[cfe-dev] Parallelism TS implementation and feasibility of GPU execution policies

Andrew Corrigan andrew.corrigan at nrl.navy.mil
Thu Apr 2 05:58:42 PDT 2015


Newcomer here, I hope this isn’t off-topic, but this seemed to be the most appropriate place to ask:

Are there plans to implement Parallelism-TS in libc++/Clang?  If so, what execution policies might be supported?

Besides multi-threaded CPU execution policies, are there plans, or would it even be feasible to implement a GPU execution policy in libc++/Clang, which targets the NVPTX backend, using the Clang frontend only (i.e., without NVCC)?  

This would be extremely useful, since even with the latest CUDA 7 release of NVCC, it remains slow, buggy, and consumes massive amounts of memory in comparison to Clang.  If I compile my Thrust-based code it takes just a minute or so, and consumes just a few gigabytes, using Clang, against Thrust’s TBB backend. If I compile that exact same code, only using Thrust's CUDA backend with NVCC, it consumes ~20 gigabytes of memory and it takes well over an hour to compile (on my 24-GB workstation, on my 16-GB laptop it never finishes).  Obviating the need for NVCC for compiling code targeting NVIDIA GPUs via a Parallelism TS implementation would be extremely useful.

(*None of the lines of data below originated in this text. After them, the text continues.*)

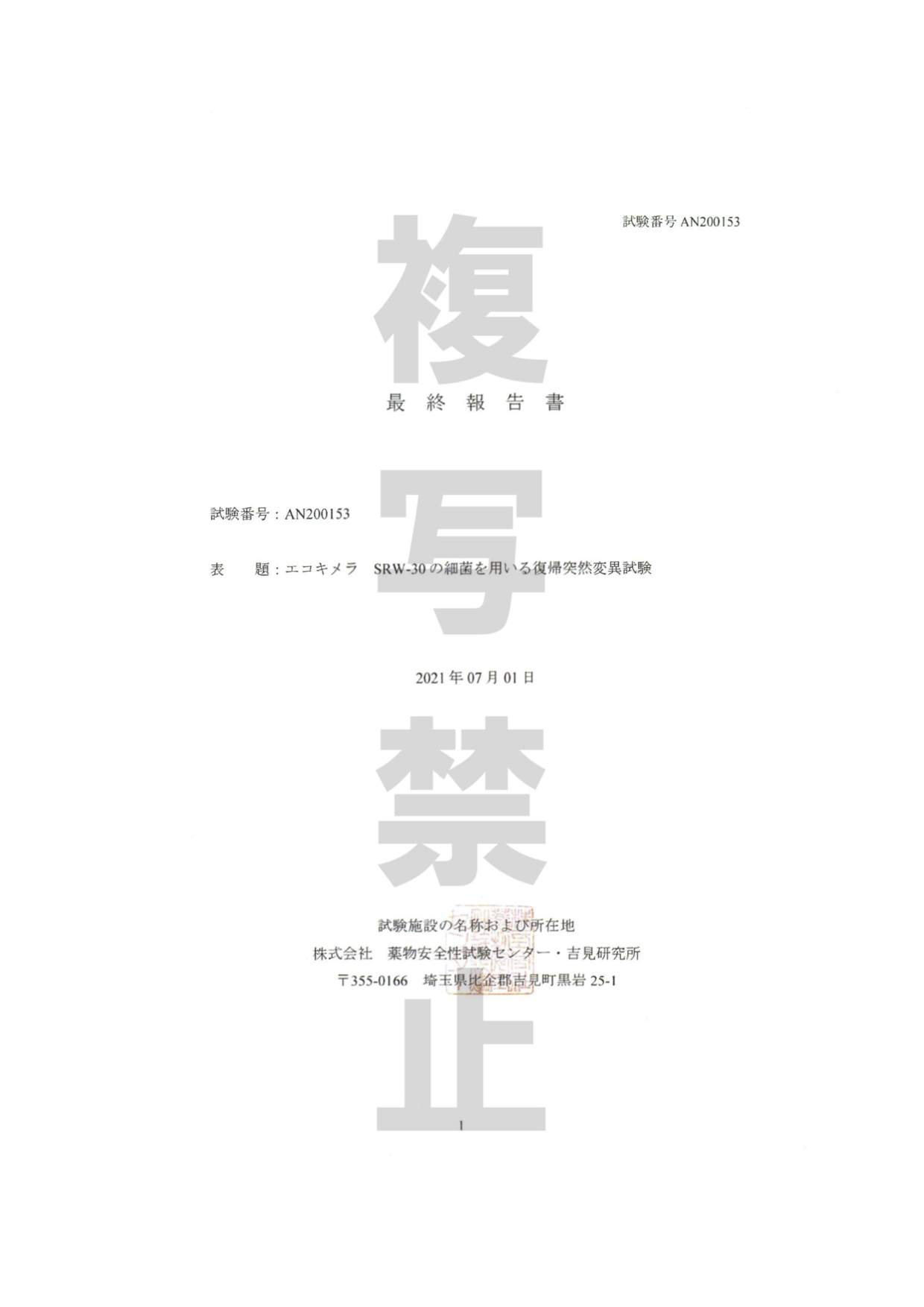 試験機関名
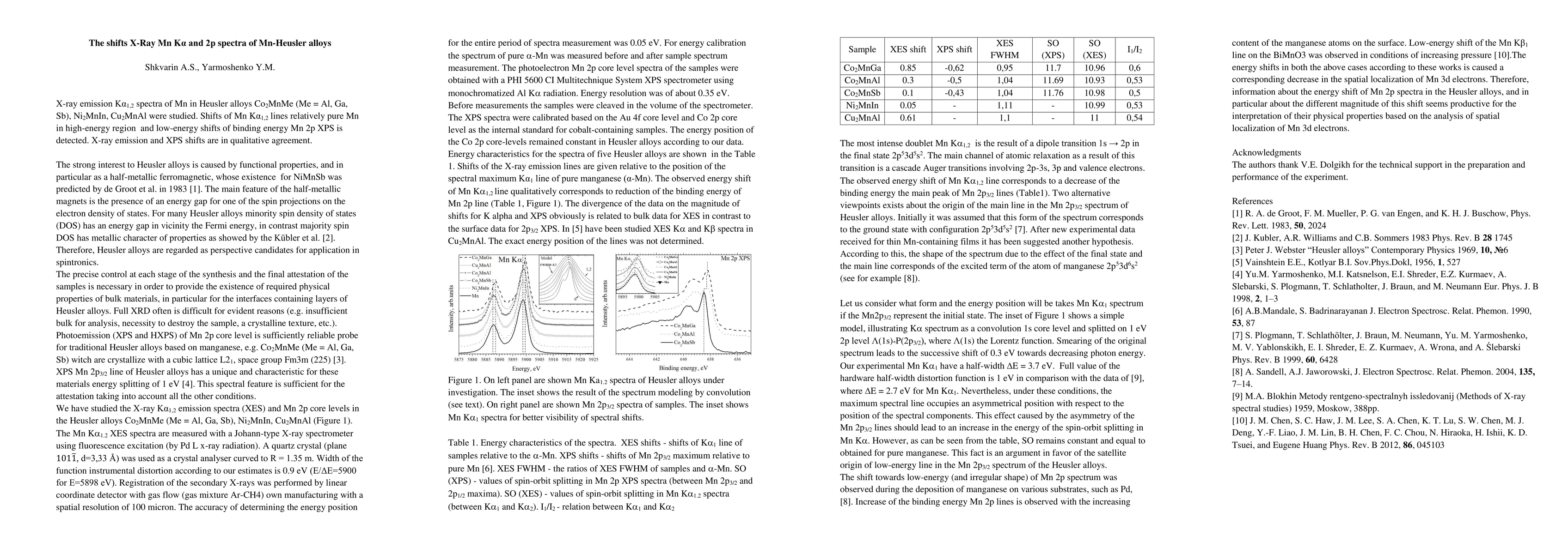 This study investigates the shifts in X-ray Mn Kα1,2 emission spectra and Mn 2p XPS spectra in various Mn-Heusler alloys, revealing high-energy shifts in Kα lines and low-energy shifts in 2p binding energy compared to pure Mn, with both techniques showing qualitative agreement.
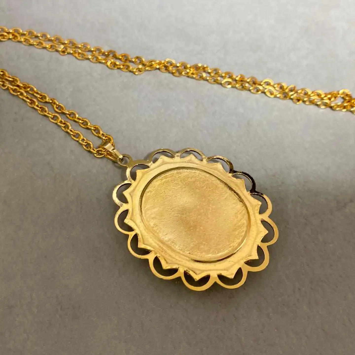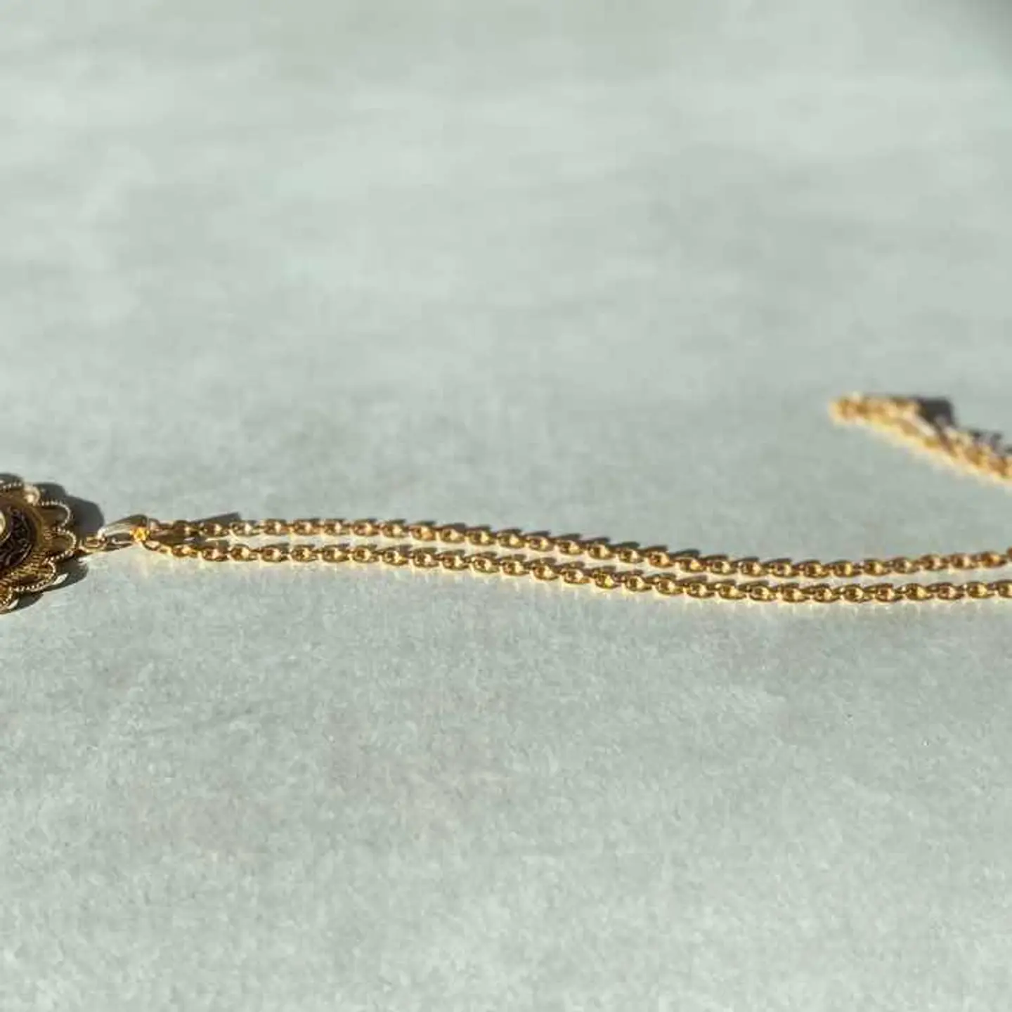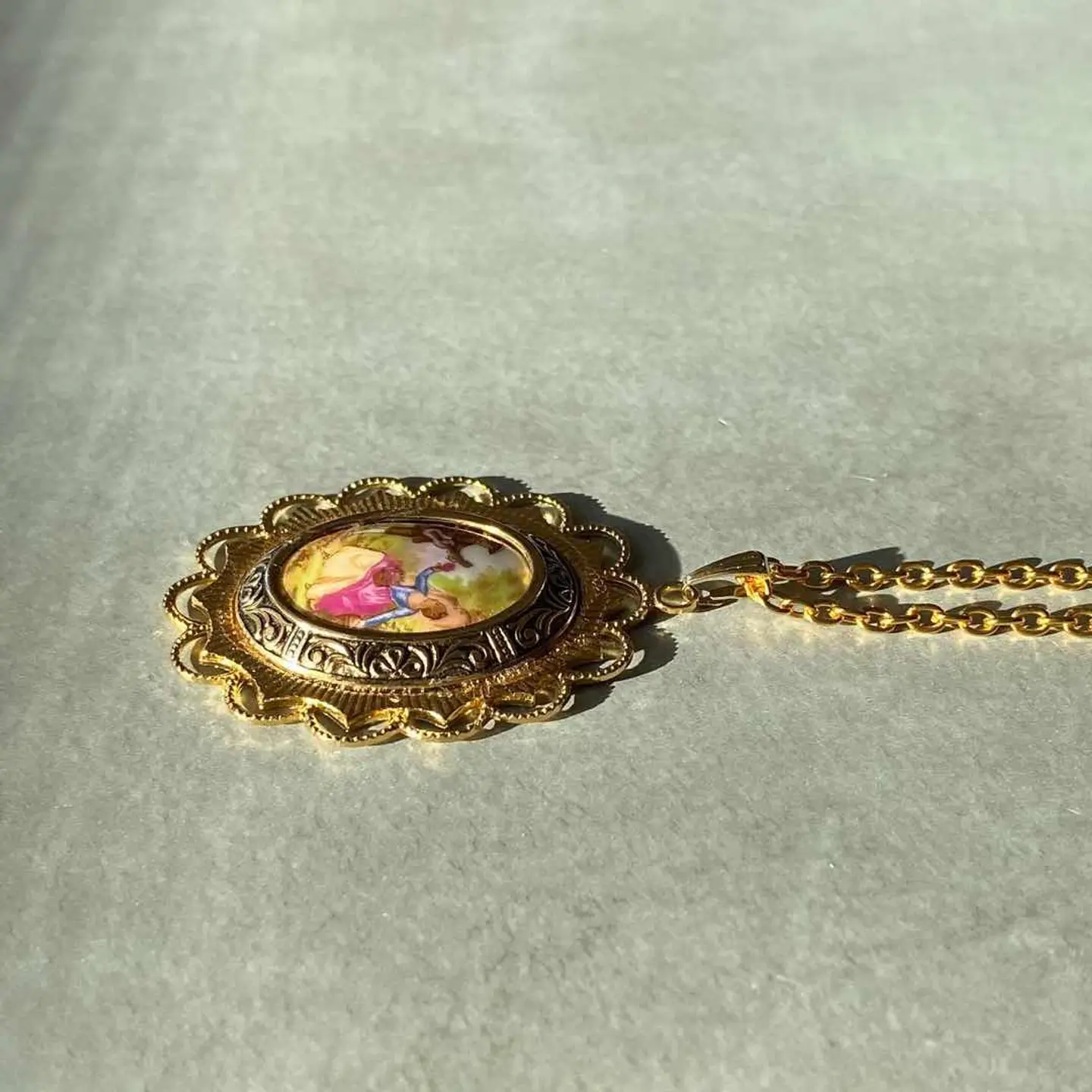 美しい絵柄が魅力的なUSAヴィンテージネックレス。陶器のストーンにはカップルが丁寧に描かれています。クラシカルで繊細なメタル装飾も魅力的。存在感がありスタイリングにエレガントな印象を与えてくれます。 □Materials メタル(ゴールドメッキ)、陶器 (※バチカン及びエンド金具は新品のものに交換しています) □Size 全長 約61㎝ チェーン幅 約3㎜ トップ部分 約H5.8×W4.1㎝(バチカン含む) □Condition【C】 パーツ裏側に細かなスレ傷がみられます。中古品であることをご理解のうえお買い求めください。 【S】未使用 【A】未使用に近い 【B】やや使用感あり 【C】使用感あり Item No.2600 #レトロ #アメリカ #ヴィンテージ #アクセサリー #ビクトリアン #カップル #陶器 #ネックレス
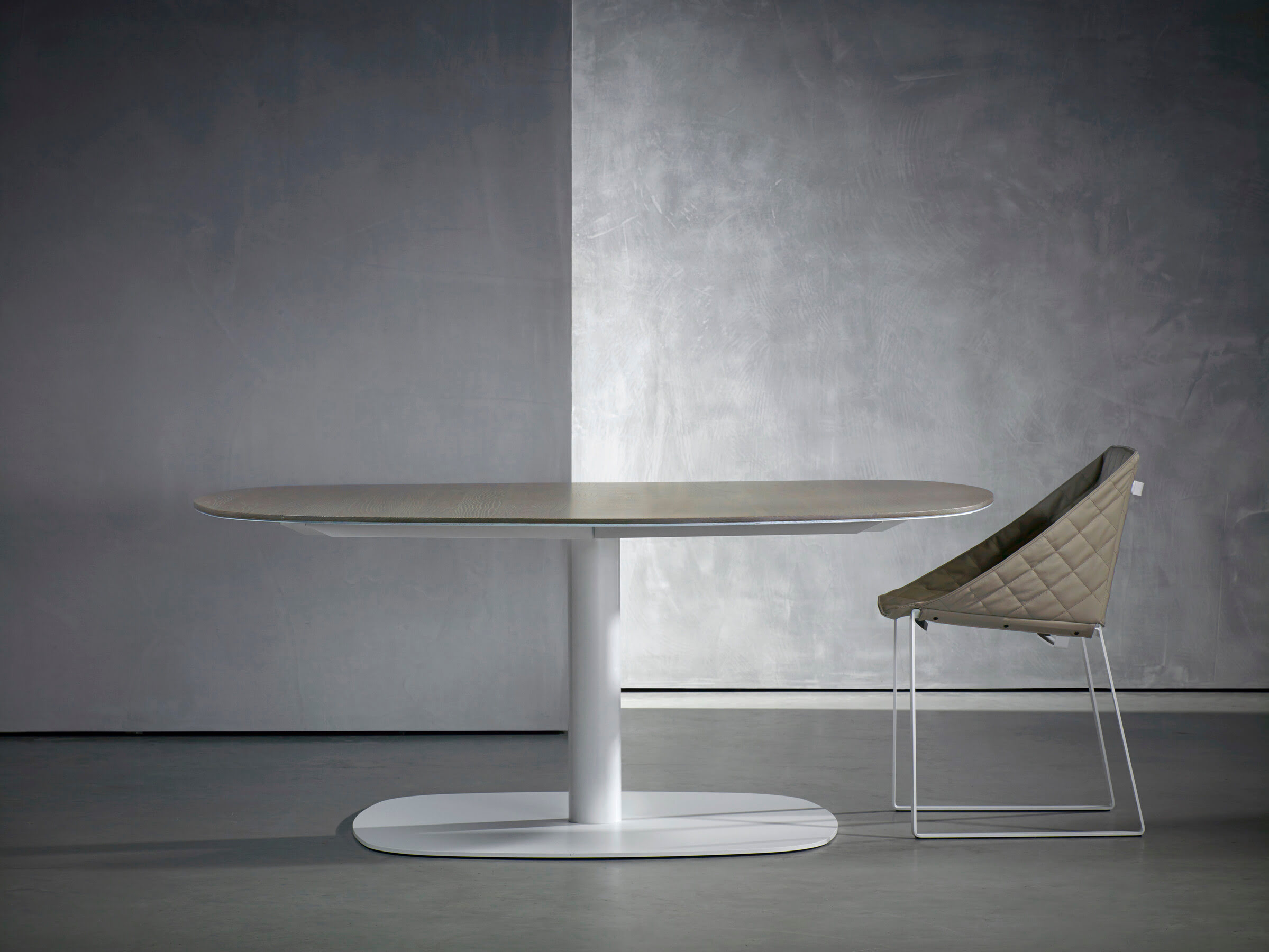 Стол Kekke Dining Table — образец утончённой роскоши. Модель имеет гладкую металлическую ножку и столешницу с мягкими закруглёнными краями. Мраморное или деревянное покрытие украшает интерьер, при этом идеально подходит для повседневного использования.
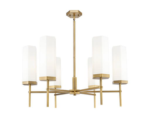 View full detailsInnovations 463-6CR-BB-G463-12WH Six Light Chandelier, Brushed Brass
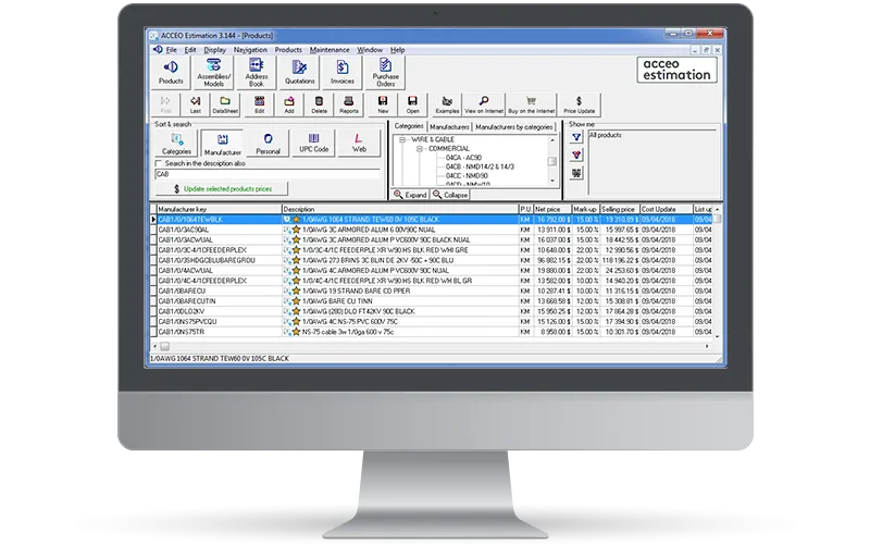 Real-time access to your distributor’s product list and negotiated net prices. With ACCEO Estimation, find all your product information in one place. Our software makes it easier to view and search products, and create assemblies and quotations. Get the most current net prices for your products. All your products in a single location Our software integrates our distribution partners’ product catalogues and modifications are synchronized in real-time. With our real-time product updates, you will always know which products are available. Then you can simply adjust your bids. Powerful tools to simplify search Advance search tools help you find products and assemblies more quickly. Identify the right products by viewing photos and data sheets. Select preferred products and reuse them for future projects. Add products to your software Add products exclusively available in online catalogues, then order them from distributor. Integrate your own products to your bids using ACCEO Estimation’s advanced feature. Net prices for your own account Always find the net negotiated prices to use in your bids. Manage your selling price efficiently by simply adding the percentage for your profit. Quickly determine if the project will be profitable for you. Price update available 24/7 Update your global product list or your preferred product list anytime. Recalculate your bids with updated prices in no time. Assemblies to speed-up your bid processes Organize your products into assemblies to save valuable time in producing your takeoffs and quotations. Many preset product assemblies.
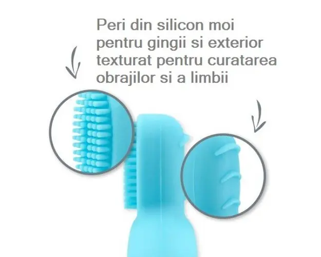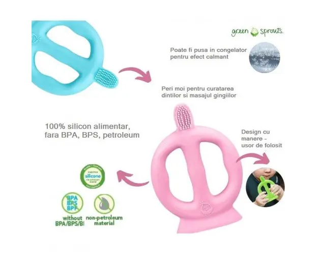 Ingrijire naturala pentrunbspcopilului tauPeriutanbspde dinti a bebelusului tau, cu manere laterale, va fi extrem de usor de folosit pentru a asigura o igiena dentaranbspcorespunzatoare bebelusului ta Produsul cu denumirea Periuta de dinti cu peri din silicon si manere Green Sprouts Green face parte din brandul Greentom, se afla in categoria Igiena si ingrijire si subcategoria

Finally, are there plans, or would it even be feasible, to target OpenCL/SYCL/SPIR(-V) via Parallelism-TS?  I am aware of existing OpenCL-based parallel algorithms library but I am really hoping for a Parallelism TS execution policy for OpenCL devices, so that it is a single-source, fully-integrated approach that one can pass C++ function objects to directly, as opposed to being restricted to passing strings containing OpenCL C99 syntax, or having to pre-instantiatiate template functors with macro wrappers.